- Leader: Wissam Ben Hamid †
- Dates active: 3 August 2012 - December 2016
- Headquarters: Ganfouda, Benghazi (until June 2015)
- Ideology: Islamism
- Part of: Shura Council of Benghazi Revolutionaries
- Wars: the Post-civil war violence in Libya and the Second Libyan Civil War

= Libya Shield 1 =

Libyan islamist battalion

Libya Shield 1 was an Islamist armed group in Benghazi and eastern Libya. It is nominally part of the Libya Shield Force and is a member of the Shura Council of Benghazi Revolutionaries.

== History ==
The Libyan Ministry of Defense, under decision No. 29, formed and named Libya Shield Forces on 3 August 2012. Decision No. 29 states, "A brigade shall be formed in the Central Region of Libya and is to be called Libya Shield – The forces of the Central Brigade shall consist, in general, of rebels from the following regions, Misrata, Sirte, Jafra, Bani Walid, Terhuna, Alkhmuss, Mslath and Zliten. Colonel Mohammed Ibrahim Moussa shall be the commander of the brigade and shall be stationed in Misrata." This decision was signed by the Libya Minister of Defense, Osama Abdulsalam Aljuli bearing the name Libya Shield Forces.

== Organization ==
The Libya Shield Force is nominally divided into three main brigades in eastern, central and western Libya to carry out law and order and combat tasks. Libya Shield 1 was part of the Eastern region of the force.

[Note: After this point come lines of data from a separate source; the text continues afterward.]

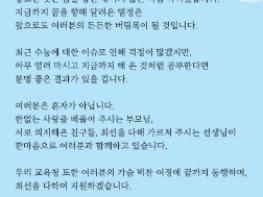 이 교육감은 수험생 응원 편지에서 “수능시험이 100일 앞으로 다가온 지금 막바지 힘을 내고 있을 수험생 모두를 응원하며 중요한 것은 꿈을 향한 꺾이지 않는 마음이다. 꿈을 향한 열정이 앞으로 든든한 버팀목이 될 것이다. 최근 수능에 대한 이슈로 인해 걱정이 많겠지만, 염려하지 말고 지금까지 해 온 것처럼 공부한다면 분명 좋은 결과가 있을 것이다. 교육청도 최선을 다해 지원하고 동행하겠다”고 전했다.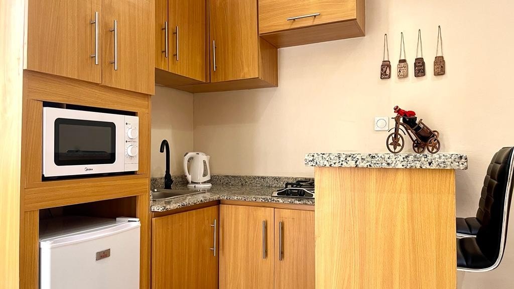 Chambre meublee luxueuse situee au coeur de la capital economique sur Rue Njo-Njo Bonapriso Douala en face de la station d'essence MRS a 2 juste mins de l'hotel la Falaise Bonapriso. Espace unique et memorable pour vos sejours dans un cadre tres propre et reposant. Climatissee - Chauffe-Eaux - Hyper-securisee - TV - Free WIFI- Free Parking nous offrons Pizzas - Boissons - Restaurant - Cuisine - Frigo - Microonde - Salle de sejour pour votre confort. La reception est ouverte 24/7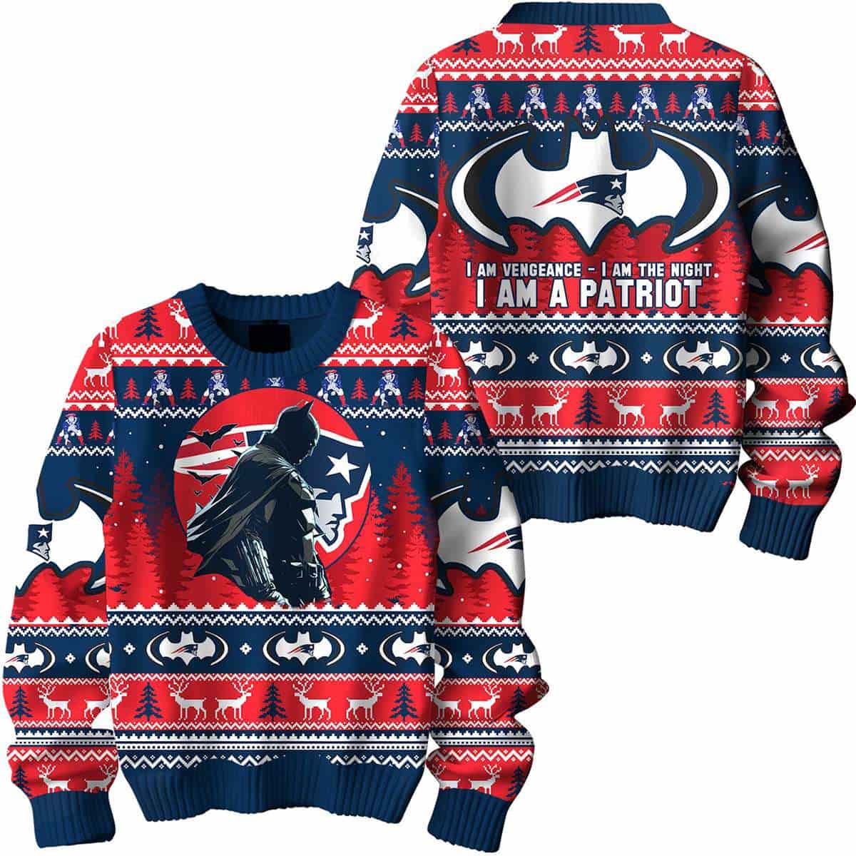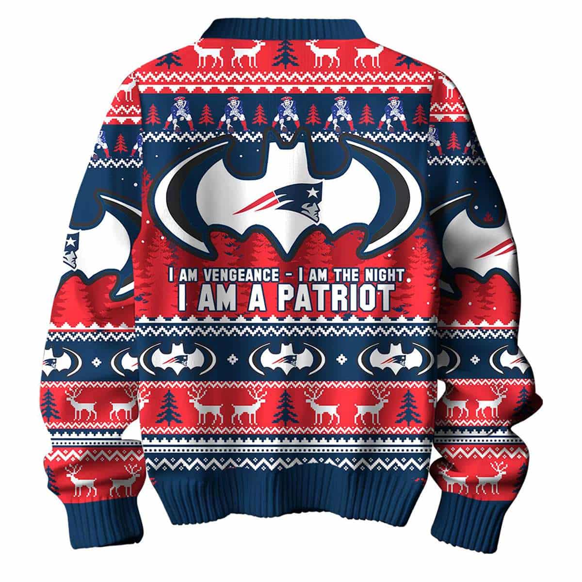 Channel Gotham grit and gridiron pride with the I Am Vengeance I Am The Night I Am A Patriot Ugly Christmas Sweater. Featuring Batman’s silhouette and the Patriots logo, this bold design fuses comic book legacy with football devotion in festive flair.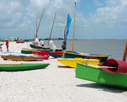 Without the near constant wind, the Texas coast in summer would be unbearable on a sunny day. Even the cooler early mornings and evenings would be tough to take without the wind because the big mosquitos would literally carry one away. Sailing would be hampered as well. The day was gone in a flash of sails and oars and good conversation. After a delicious potluck dinner Saturday night, those of us who had not already left, visited until we could no longer hold our eyes open. Sunday was yet another beautiful day, but we had miles to travel, and by 10:30 we were loaded and on the road for home.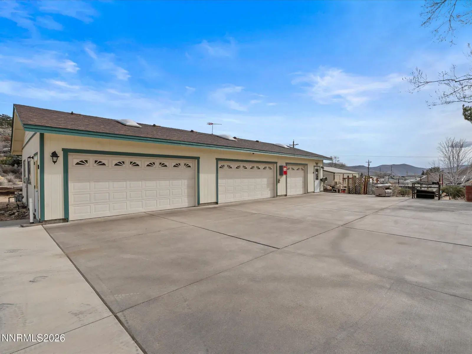 Welcome to your Washoe Valley haven! This charming, newer updated 3-bedroom, 2-bath home sits on a full acre, offering the perfect balance of comfort, space, and peaceful mountain living. Inside, you’ll find a bright, functional layout ideal for a small family, downsizer, or anyone looking to enjoy a little extra breathing room. The converted attached garage creates a versatile bonus space that works beautifully as a game room, home office, gym, or flex space to fit your lifestyle. Car enthusiasts, hobbyists, and outdoor adventure lovers will appreciate the exceptional garage setup. The property features a 2-car attached garage, an impressive 5-car detached garage complete with compressed air run to each garage space for added convenience, plus an additional detached 3-car unfinished garage ready for storage, workshop space, or future customization. There is truly room for all your vehicles, toys, and projects. A Generac backup generator provides peace of mind and reliable power year-round — an incredibly valuable feature for Washoe Valley living. Nature lovers will fall in love with the serene setting, including a history of a Red-Tailed Hawk nest on the property, creating a truly special wildlife retreat right in your backyard. Relax and unwind under the covered back patio while taking in the quiet surroundings and beautiful Nevada skies. If you’ve been searching for space, functionality, and a private retreat with room to grow, this Washoe Valley property delivers it all.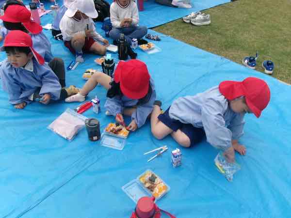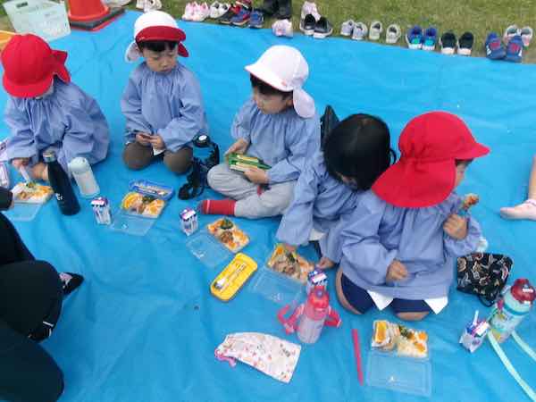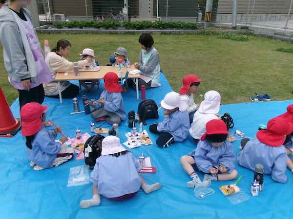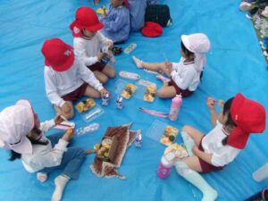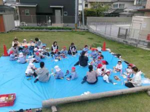 今日は幼稚園全体で給食を園庭で食べる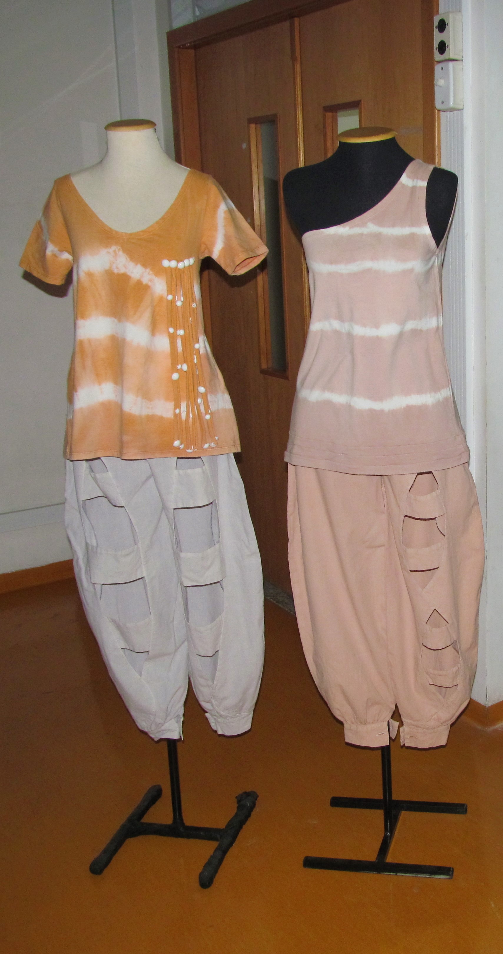 Como principais resultados deste trabalho obtiveram-se corantes que, na interação com as fibras, provocaram tingimentos uniformes, os materiais corantes foram utilizados em pouca quantidade, composição química inserida nos padrões sustentáveis, poucos resíduos expelidos nas sobras dos banhos de tingimento, uma cartela de cores variadas, boa solidez às lavagens e à luz, o planejamento de uma coleção de roupas e quatro peças das mesmas confeccionadas (Figura 1), com a aplicação dos corantes naturais, o que conferiu aos extratos corantes a qualidade de sustentáveis.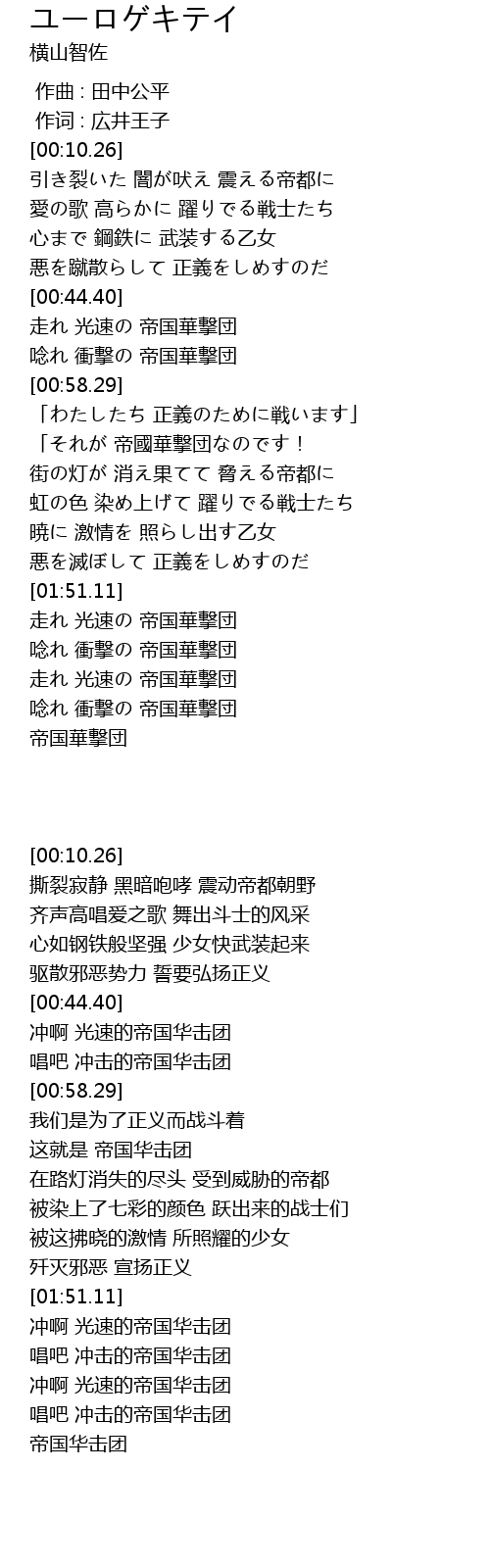 | [01:58.22] | 唸れ 衝撃の 帝国華撃団 |
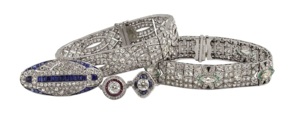 Necklaces were worn long with a pendant or tassel on the end often referred to as a sautoir, rows of pearls (both real and costume thanks to Coco Chanel) would be wrapped multiple times around the neck and earrings were also long, accentuating shorter hair styles and exposed necks. Bracelets could be very fine lines of round diamonds alternately set with calibre cut coloured gems such as sapphires or rubies; geometric openwork links of diamonds and multi-coloured gems or wide straps pave set with diamonds –all styles were worn in multiples, stacked up the wrists and forearms.

On social media, reactions to the group are favourable across Libya in comparison to other militias, particularly over its charitable work.

Another Benghazi unit, Shield 2, is considered more sympathetic to the federalists. The force reports to the Libyan defense ministry under the command of Wisam Bin Ahmid (or Humid), who commanded a Benghazi brigade called Free Libya Martyrs.